É excluído o uso de fertilizantes químicos, pesticidas e herbicidas.
É permitido o uso de fertilizantes orgânicos.
A produção máxima de grãos revestidos por hectare não deve exceder 25 quintais.

Artigo 5
O produtor que deseja certificar sua própria produção deve apresentar-se ao organismo de controle da peça de aço. 8, até 3 de dezembro de cada ano, uma declaração de cultivo com as áreas exatas da empresa semeadas, comprometendo-se a cumprir as condições estabelecidas no artigo anterior.
Após a coleta, os carimbos de reconhecimento serão atribuídos pelo organismo de controle com base nas quantidades de espelta realmente produzidas e atendendo às características de qualidade acima.
Essas superfícies e as quantidades de espelta produzida serão registradas em um registro de acordo com os critérios definidos por um regulamento especial desenvolvido pelo organismo de controle referido no art. 8)

Artigo 6
O produto obtido deve ser armazenado em locais adequados, sem o uso de pesticidas.
As operações de polimento serão realizadas nas áreas de produção com máquinas especiais.
O rendimento do brilho não pode exceder 60% do produto inicial.
Garfagnana soletrado será comercializado como uma semente polida.
A espelta polida será comercializada em sacos de 0,5 kg - 1,0 kg - 5,0 kg - 10,0 kg - 25,0 kg - 50,0 kg.
A bolsa deve cumprir as leis em vigor e, em particular, relatar as indicações sobre o ano de produção e o prazo de consumo. A embalagem será devidamente selada.

Artigo 7
Além da denominação referida no art. 1, é permitido o uso de indicações que se refiram a nomes, nomes de empresas, marcas registradas e marcas sem significado laudatório e que não induzam o comprador a erro.
Também é permitido o uso de indicações geográficas e toponímicas para o produto em grão referente a municípios, aldeias, áreas, fazendas, áreas e localidades incluídas nos territórios dos municípios referidos no art. 2 e da qual se escreve realmente a grafia com uma indicação geográfica protegida.

Artigo 8
Um órgão de controle especial é estabelecido com sede no C.M. zona C2 do Garfagnana em Castelnuovo Garfagnana.
O órgão de controle será presidido pelo Presidente da comunidade montanhosa ou por seu delegado, composto por 2 especialistas técnicos nomeados pela comunidade montanhosa e 4 representantes dos produtores designados pelos mesmos reunidos na reunião.
As verificações das amostras são decididas periodicamente pelo próprio organismo de controle com base nas declarações de produção apresentadas.
O organismo de inspeção supervisiona a manutenção do registro.
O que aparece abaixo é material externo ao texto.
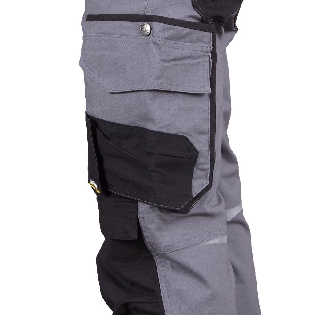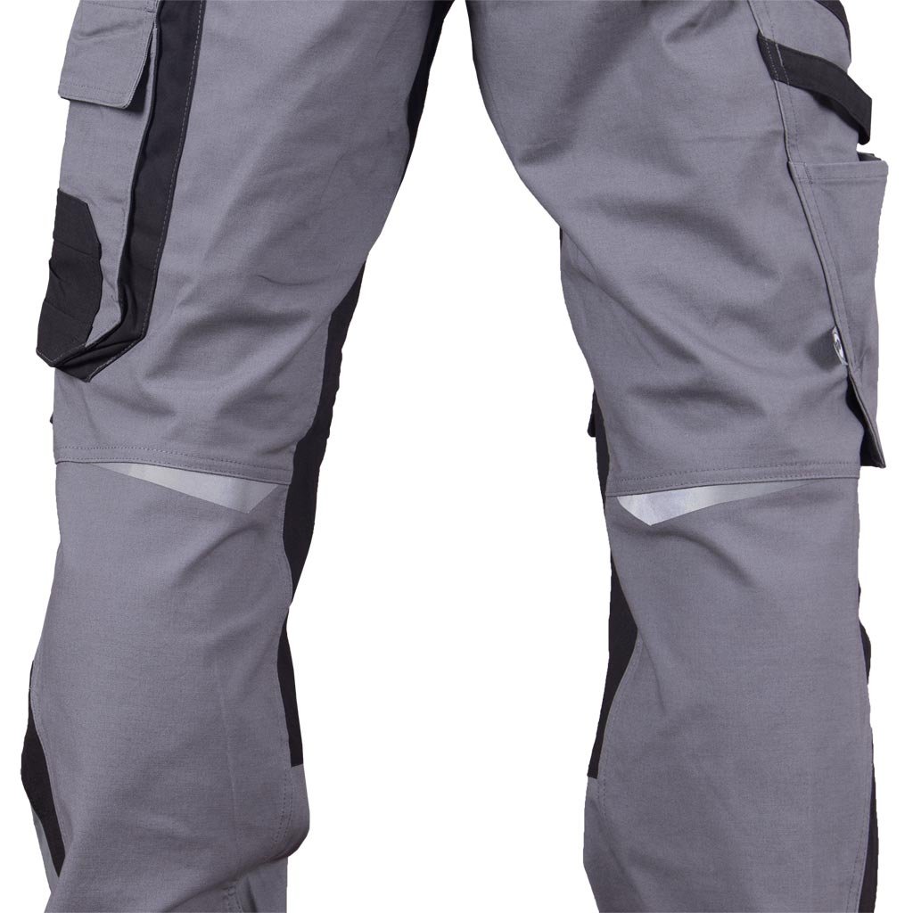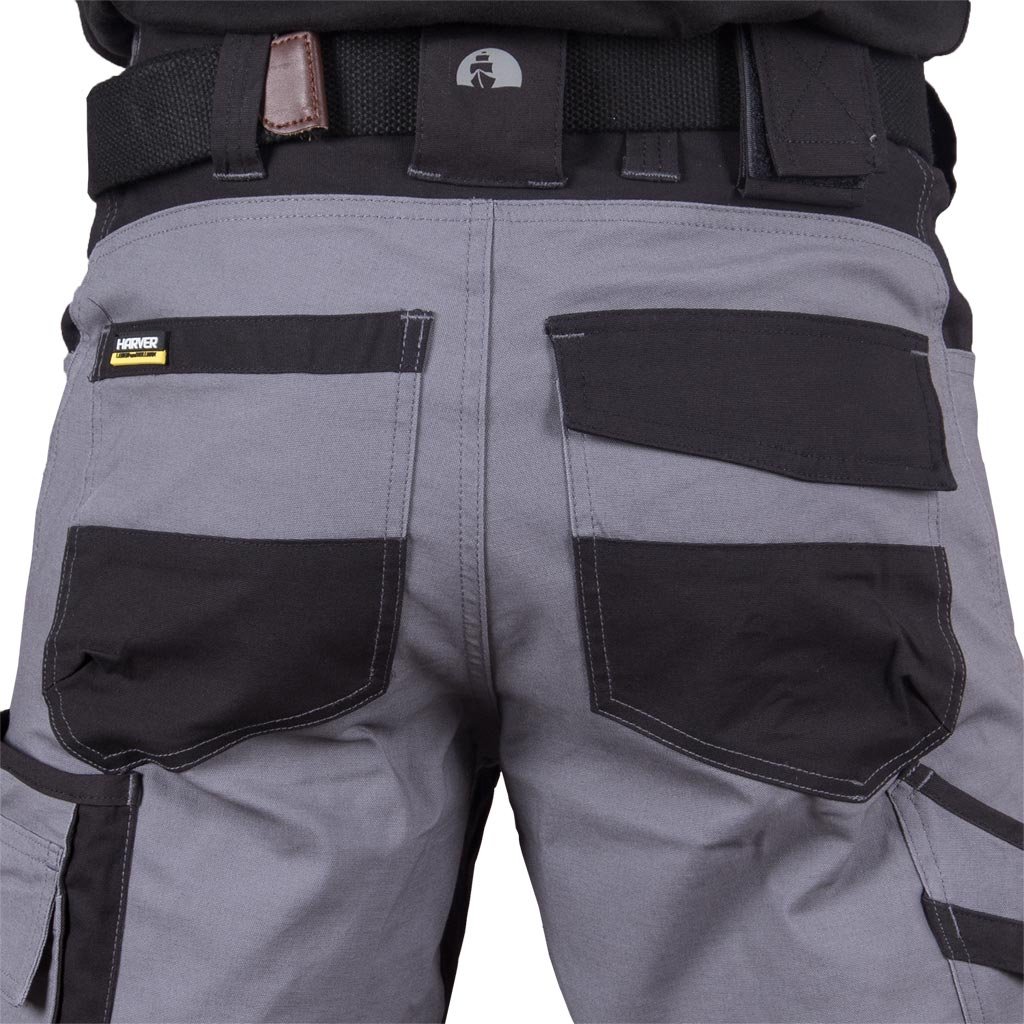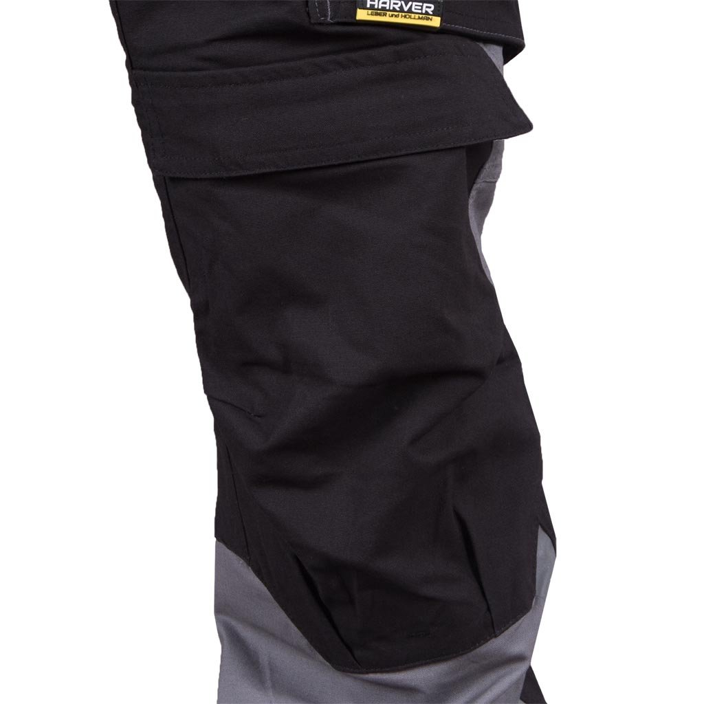 Kapsáčové pánske pracovné nohavice do pása HARVERAIR L.HOLLMAN. - materiál: 97 % bavlna, 3 % elastan - gramáž 240 g/m² - zapínanie na gombík a zips - dve bočné vrecká - dve zadné vrecká, z ktorých jedno je so zapínaním na suchý zips - vrecká na nohaviciach vrátane vrecka na mobilný telefón - vrecká na kolenách na chrániče kolien so zapínaním na suchý zips - reflexné prvky - tvar "S" - predtvarované nohavice pre lepšie prispôsobenie - testované na prítomnosť škodlivých látok v súlade s normou OEKO-TEX® 100

No registro acima mencionado, que será realizado no C.M. também serão indicadas as superfícies individuais destinadas à produção de espelta e as produções obtidas.
Quem produz, vende, oferece para venda ou, de qualquer forma, distribui para consumo escrito com a indicação geográfica protegida Farro della Garfagnana que não corresponde às condições e requisitos estabelecidos por esta especificação, é punido de acordo com as leis atuais para a prevenção de fraudes. O organismo de controle tem o poder de proibir o uso da Indicação Geográfica Protegida para produtores que não cumpram as condições estabelecidas por esta especificação.

Artigo 9
A supervisão para a aplicação das disposições desta especificação de produção é realizada pelo Ministério de Recursos Agrícolas, Alimentícios e Florestais, que pode recorrer a um consórcio entre produtores com o objetivo de supervisionar a produção e o comércio de Garfagnana, grafados de acordo com o do reg. (CEE) 2081/92.